Thursday, February 2, 2012

Changes to Neurons Hamper the Aging Brain

Changes to Neurons Hamper the Aging Brain The good news is that most people in the developed world are living longer; the not-so-good news is that the brain often does not stay sharp in our older age.
Currently, experts do not fully understood why the brain’s cognitive functions such as memory and speech decline as we age. This despite the realization that cognitive decline can be detected before an individual reaches age 50.
Neuroscientists Andy Randall, Ph.D. and Jon Brown, Ph.D. from the University of Bristol have identified a novel cellular mechanism that causes changes to the activity of neurons — an action which may contribute to cognitive decline during normal healthy aging.
The brain largely uses electrical signals to encode and convey information. Modifications to this electrical activity are likely to cause age-dependent changes to cognitive abilities.
The researchers examined the brain’s electrical activity by making recordings of electrical signals in single cells of the hippocampus, a structure with a crucial role in cognitive function. By doing this, they were able to assess “neuronal excitability” – the ease with which a neuron can produce brief, but very large, electrical signals called action potentials.
An action potential occurs in practically all nerve cells and is essential for transmission of a signal or communication within all the circuits of the nervous system.
Action potentials are triggered near the neuron’s cell body and once produced, travel rapidly through the massively branching structure of the nerve cell, along the way activating the synapses the nerve cell makes with the numerous other nerve cells to which it is connected.
Researchers discovered the hippocampal neurons within an aged brain have trouble generating action potentials.
Furthermore, they demonstrated that this relative reluctance to produce action potential arises from changes to the activation properties of membrane proteins called sodium channels. The sodium channels influence the rapid initiation of the action potential by allowing a flow of sodium ions into neurons.

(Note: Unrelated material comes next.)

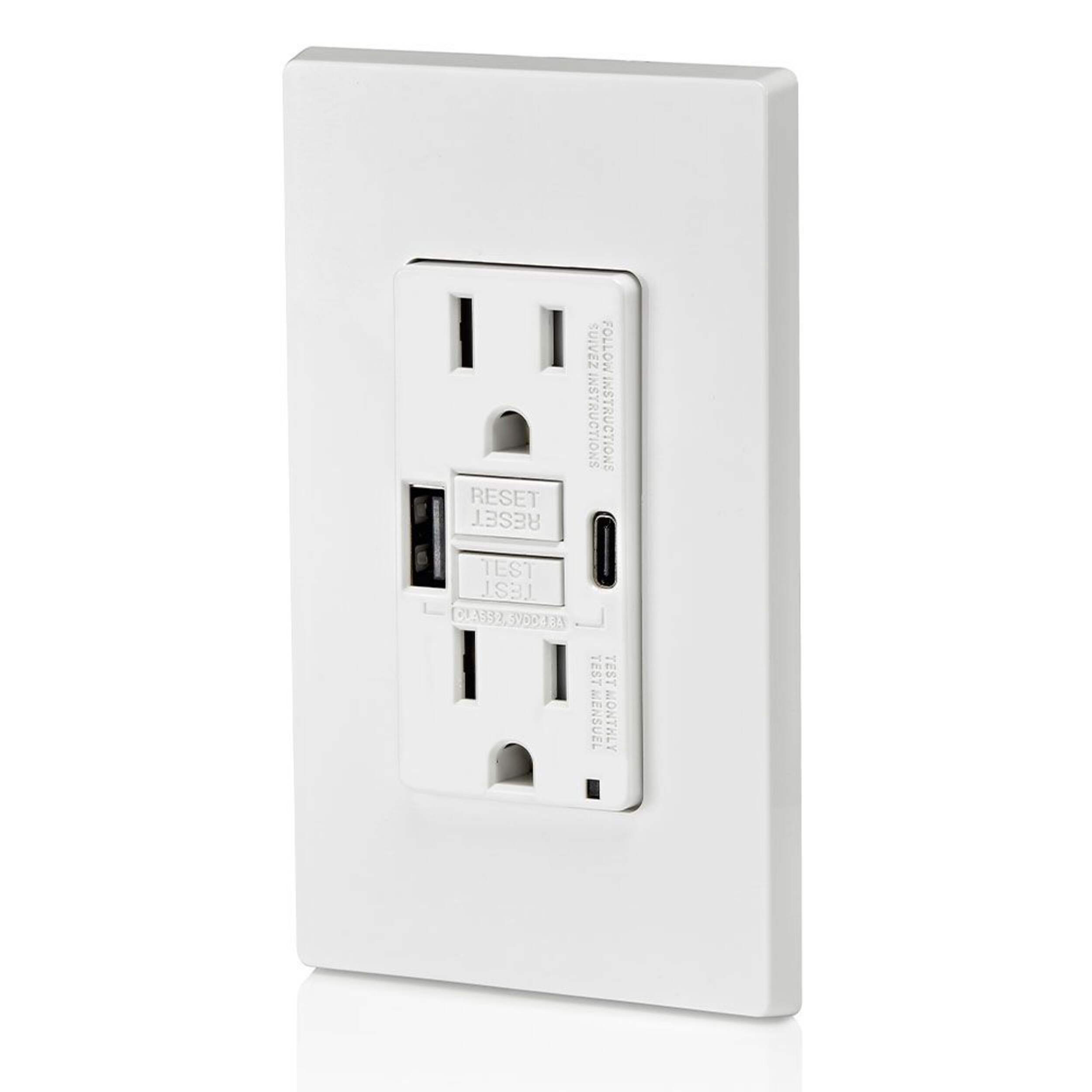 The Leviton 15A USB & GFCI Receptacle, Type-A/Type-C offers advanced safety and efficient charging capabilities. Delivering 24W (4.8A) of power, it provides continuous ground fault protection and automatically self-tests to ensure it can respond to a ground fault. Featuring both Type-A and Type-C USB ports, this receptacle allows for versatile and fast charging of multiple devices. Ideal for kitchens, bathrooms, and other areas requiring GFCI protection, it combines functionality with a sleek, modern design.
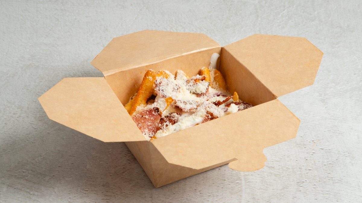 Sprø Fries med rød løk, jalapeños og garlicdressing. Toppet med deilig cheddarsaus og bacon.

Randall, a professor in applied neurophysiology, said: “Much of our work is about understanding dysfunctional electrical signaling in the diseased brain, in particular Alzheimer’s disease.
“We began to question, however, why even the healthy brain can slow down once you reach my age. Previous investigations elsewhere have described age-related changes in processes that are triggered by action potentials, but our findings are significant because they show that generating the action potential in the first place is harder work in aged brain cells.
“Also by identifying sodium channels as the likely culprit for this reluctance to produce action potentials, our work even points to ways in which we might be able modify age-related changes to neuronal excitability, and by inference cognitive ability.”